◆ EXERCISE INSTRUCTIONS: Below are entries; copy exactly the lines from the one with "All you need" through the one with "罗技依然为它设计了防水溅功能", both included, and leave out the rest.

◆ AVAILABLE DATA:
:::

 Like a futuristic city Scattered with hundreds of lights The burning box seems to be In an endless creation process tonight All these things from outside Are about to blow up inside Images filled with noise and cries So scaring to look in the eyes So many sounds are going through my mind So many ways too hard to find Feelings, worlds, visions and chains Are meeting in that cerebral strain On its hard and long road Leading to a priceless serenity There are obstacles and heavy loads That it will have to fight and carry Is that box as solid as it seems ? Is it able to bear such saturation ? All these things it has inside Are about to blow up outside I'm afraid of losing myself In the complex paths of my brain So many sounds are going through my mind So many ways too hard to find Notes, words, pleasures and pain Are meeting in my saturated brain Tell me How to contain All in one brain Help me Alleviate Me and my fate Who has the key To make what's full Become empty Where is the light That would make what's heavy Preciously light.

:::

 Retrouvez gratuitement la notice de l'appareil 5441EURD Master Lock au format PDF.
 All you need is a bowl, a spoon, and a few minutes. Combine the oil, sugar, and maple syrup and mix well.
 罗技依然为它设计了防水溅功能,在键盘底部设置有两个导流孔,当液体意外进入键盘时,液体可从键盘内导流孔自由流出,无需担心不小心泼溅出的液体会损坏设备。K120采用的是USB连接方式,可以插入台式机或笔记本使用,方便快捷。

:::

◆ EXPECTED ANSWER:
 All you need is a bowl, a spoon, and a few minutes. Combine the oil, sugar, and maple syrup and mix well.
 罗技依然为它设计了防水溅功能,在键盘底部设置有两个导流孔,当液体意外进入键盘时,液体可从键盘内导流孔自由流出,无需担心不小心泼溅出的液体会损坏设备。K120采用的是USB连接方式,可以插入台式机或笔记本使用,方便快捷。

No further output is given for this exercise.